Consolidating their mixed-farming enterprise towards winter and summer cropping, the Fensom family at Karalee, Hillston, is concentrating irrigation efforts on cotton as the dollar return currently is most lucrative.
But like all cotton growers, the size of plantings depends on water availability.
Each season Dave Fensom and his family aim to grow between 300 to 400 hectares of cotton, however, this year there has only been 126ha planted.
Thanks to two bores on their 1000ha irrigation acreage the Fensoms can near guarantee at least a 100ha crop no matter what the season.
Mr Fensom runs a 2800ha operation with his wife, Courtenay and sons Jack and Sam, and daughter Sarah.
As they introduced cotton some years ago, time management forced them to turn their Karalee stud Angus herd into a commercial operation now of 100 breeders,
“We are doing about 800ha of dryland farming as well in a wheat and barley rotation with legumes, including canola if the season’s right,” Mr Fensom said.
Irrigation rotation is a little different.
“It tends to be cotton based, so the rotations tend to go cotton, wheat,” he said, “but as it stands at the moment, and depending on water availability, we’d do cotton, wheat, cotton, wheat.
“To stay on top of diseases, we are now looking at a three year rotation which would include a fallow.”
After annual soil tests the cotton year begins in August with field preparation with some deep ripping and plenty of nitrogen.
“Cow manure is first applied at two tonnes/ha before we hill-up and roll beds for planting at one metre spacings,” Mr Fensom said.
This year 746 Bollgard 3 variety was planted aiming at between 12 to 14 plants per linear metre.

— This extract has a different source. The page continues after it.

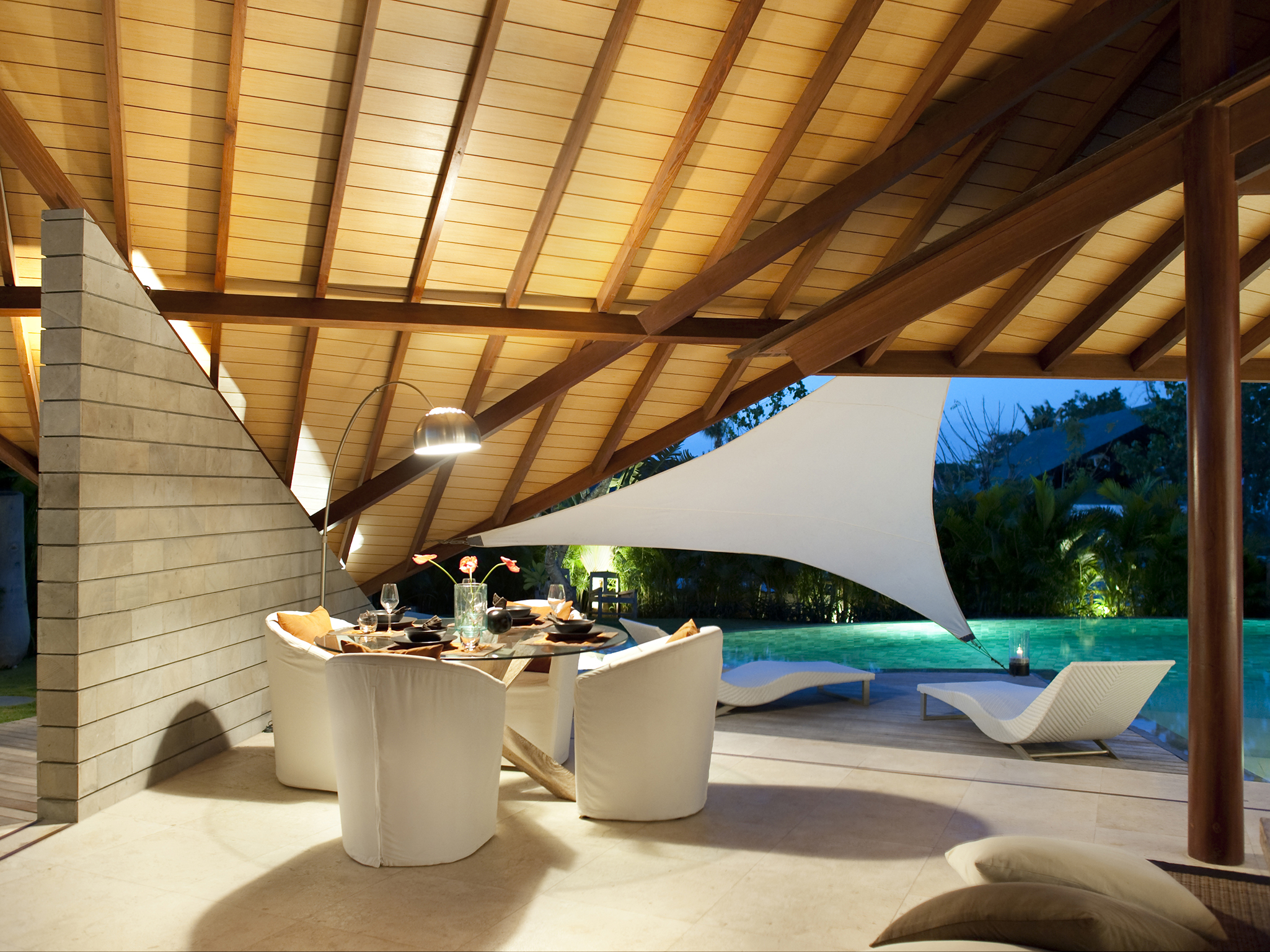 The Layar’s 11 three-bedroom villas flaunt the same striking architectural design features as the others in the 23-villa enclave.  As well as being defined by their sweeping roof lines, these villas are arranged over several levels, adding extra interest.  Welcoming semi-open-air living and dining rooms fan out from raised platforms alongside the kitchens and then merge seamlessly to pool decks and gardens.

“We had one of the best strikes this year of up to 15 plants per metre,” he said.
The first watering immediately followed planting on October 5 followed by a Roundup weed spray between 30 to 40 days later.
Agronomy is serviced by Elle Storrier of McPherson Agronomy Services, Hillston.
Mr Fensom said he puts a “fair chunk” of nitrogen into the crop.
“Probably about 300kg to 400kg per hectare and top-up to 600kg/ha of urea through the season.
“We try and get it all on early and before Christmas.”
Price return has been good so the family forward sells close to 70 per cent of their cotton.
“When we see a pricing opportunity, we take it, but don’t play with futures or hedging,” Mr Fensom said.